The output of b002 is $WORK/b002/_pkg_.a for runtime

The final action, the one that pulls everything together, is b001:

cat >$WORK/b001/importcfg << 'EOF'
# import config
packagefile runtime=$WORK/b002/_pkg_.a
EOF
cd /<..>/main
/<..>/compile ... -o $WORK/b001/_pkg_.a -p main ./main.go
cat >$WORK/b001/importcfg.link << 'EOF'
packagefile command-line-arguments=$WORK/b001/_pkg_.a
packagefile runtime=$WORK/b002/_pkg_.a
packagefile internal/bytealg=$WORK/b003/_pkg_.a
packagefile internal/cpu=$WORK/b004/_pkg_.a
packagefile runtime/internal/atomic=$WORK/b006/_pkg_.a
packagefile runtime/internal/math=$WORK/b007/_pkg_.a
packagefile runtime/internal/sys=$WORK/b008/_pkg_.a
EOF
/<..>/link 
  -o $WORK/b001/exe/a.out 
  -importcfg $WORK/b001/importcfg.link 
  -buildmode=exe 
  -buildid=yC-qrh2sY_qI0zh2-NE7/owNzOBTqPO00FkqK0_lF/HPXqvMz_4PvKsQzqGWgD/yC-qrh2sY_qI0zh2-NE7 
  -extld=clang 
  $WORK/b001/_pkg_.a
mv $WORK/b001/exe/a.out main

1. First it builds an importcfg that includes runtime built in b002 to then compile main.go to _pkg_.a
2. Then it creates importcfg.link which includes all previous actions packages, plus command-line-arguments referencing the main package we built.
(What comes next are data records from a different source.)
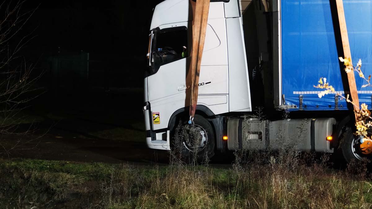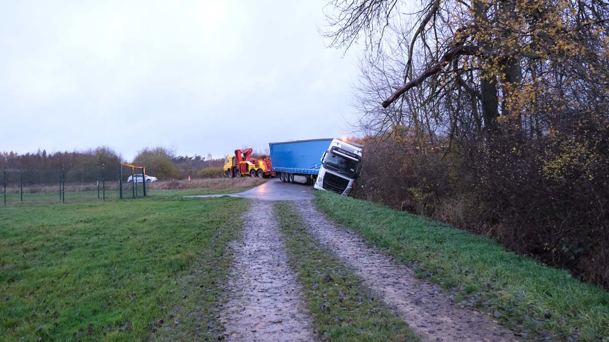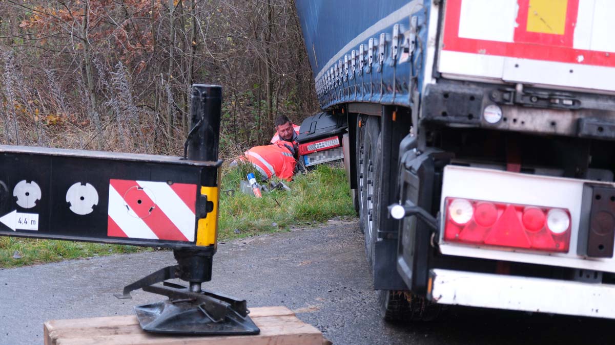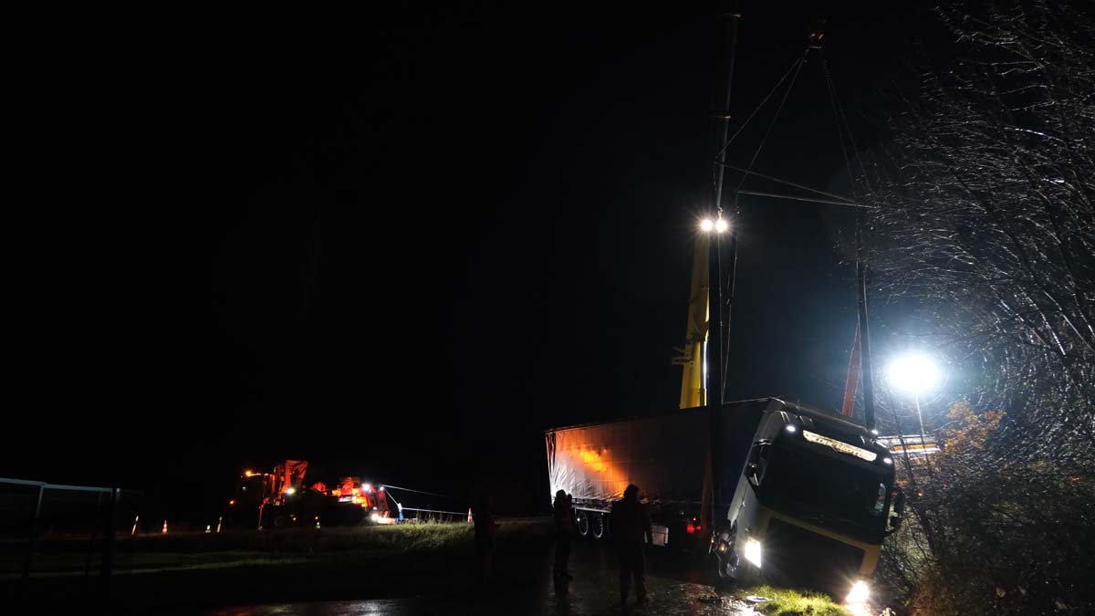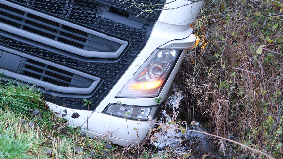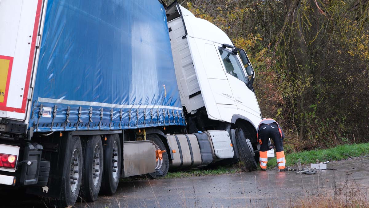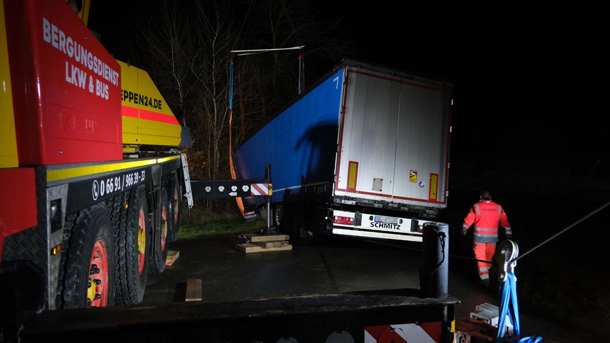 Die Kreisstraße war während der Bergung einspurig befahrbar. Der junge Fahrer des Sattelzugs blieb unverletzt. (wal)
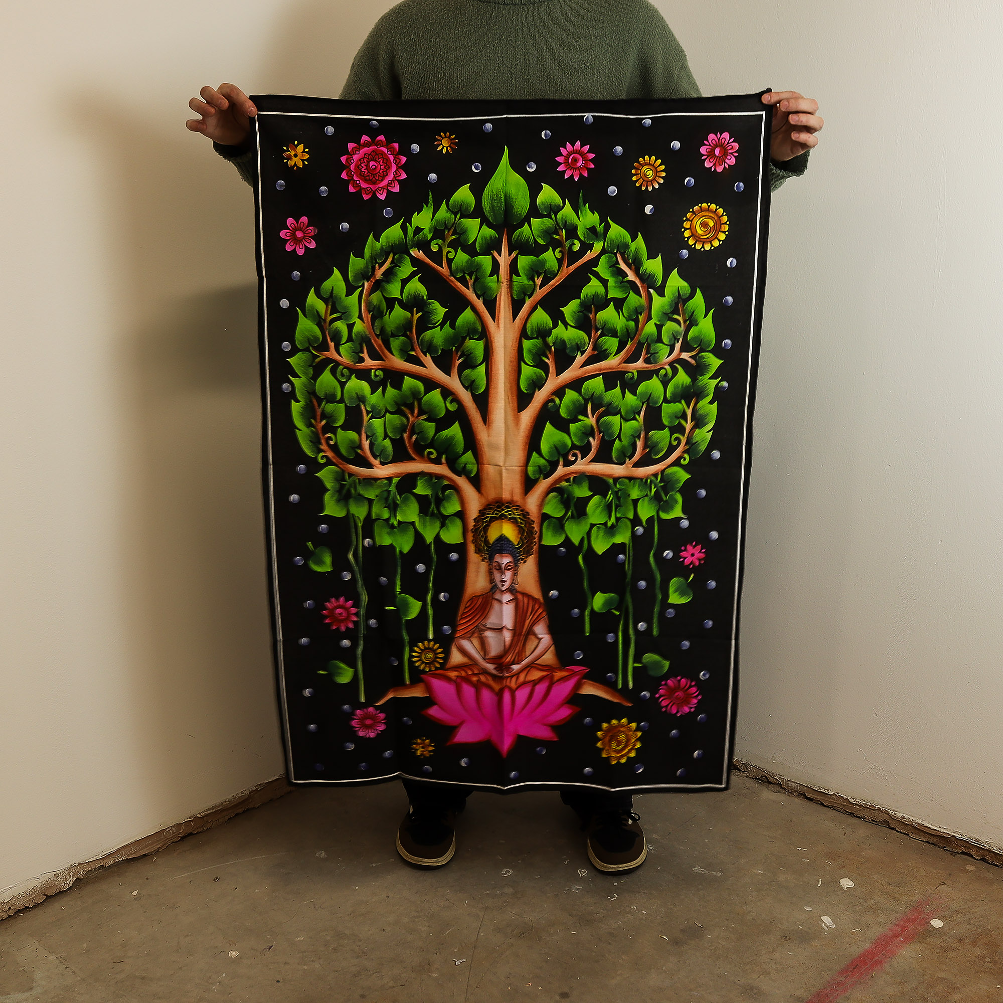 Ova smirujuća indijska zidna dekoracija prikazuje Budu kako meditira ispod stabla Bodhi, bezvremenski simbol prosvjetljenja i mira.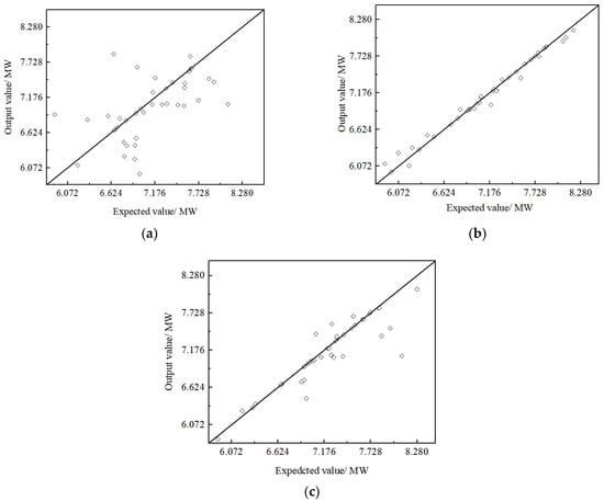 Comparison between the expected value and the true value of RBFNN. (a) Training stage; (b) validation stage; (c) testing stage.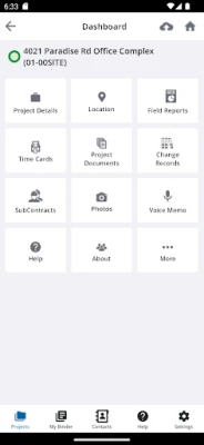 • Create Daily Field Reports in the field by, managing equipment usage, capturing progress (WIP entry), and noting weather and jobsite conditions. You can also document the worksite by taking and attaching photos and voice memos, all of which sync back to the office for date stamping, safe storage and easy reference.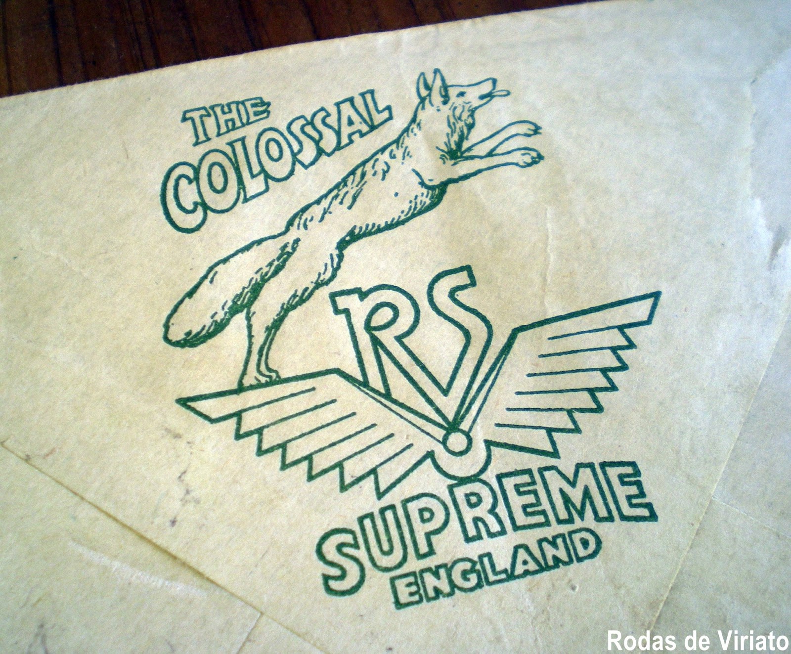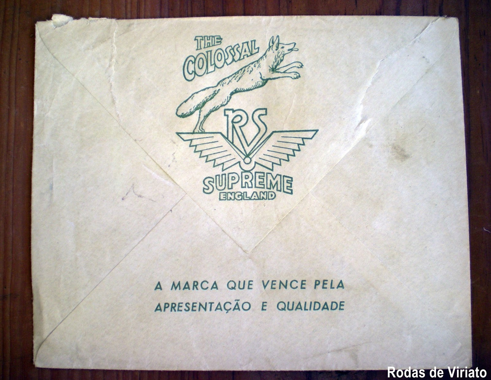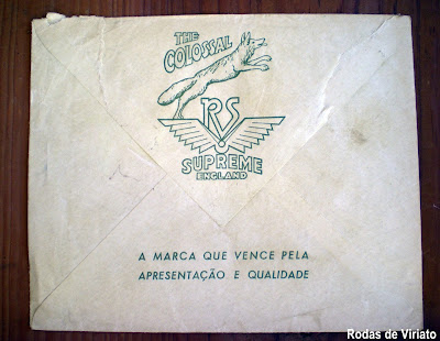 Este envelope antigo tem carimbo de 11 de Novembro de 1952 e no verso tem impressa uma imagem de um lobo a saltar, sendo encimado pelas letras The Colossal. O mesmo lobo tem as patas traseiras colocadas sobre umas asas estilizadas que no meio têm as letras RS. Por baixo está escrito Supreme England.

Using link to then create an executable file
3. rename and move the binary to main

link has the new arguments:

1. -buildmode: set to build an executable
2. -extld: reference to the external linker

Finally, we have the output we want; the output of b001 is the main binary.

Similarities with Bazel

The building of an action graph in order to have efficient caching is the same idea the build tool Bazel uses for fast builds. Golang’s actionid and contentid map neatly to the action cache and the content-addressable store (CAS) Bazel uses in caching. Bazel is a product of Google, so is Golang. It would make sense that they would have a similar philosophy of how to build software quickly and reliably.

In Bazel’s rules_go package you can see how it reimplements go build in its builder code. This is a very clean implementation because the action graph, the folder management, and the caching are handled externally by Bazel.

The Next Steps

go build does a lot to compile a program that does nothing! I didn’t even get into much specific detail about the tools (compile asm) or their inputs and output files ( .a .o .s). Also, we are still only compiling the most basic program. We could add complications like:

1. importing another package, e.g. using fmt to print Hello World adds another 23 actions to the action graph
2. having a go.mod file referencing external packages
3. Setting GOOS and GOARCH to other architectures, e.g. compiling to WASM has entirely different actions and arguments

Running go build and inspecting logs is a very top-down approach to learning how the Golang compiler works. It is a great starting point to dive into more resources like:

1. Introduction to the Go compiler
2. Go: Overview of the Compiler
3. Go at Google: Language Design in the Service of Software Engineering
4. Source code like build.go the definition of the go build command, or compile/main.go the entry point to go tool compile

There is a lot of information out there so still lots to learn about compiling the simplest program.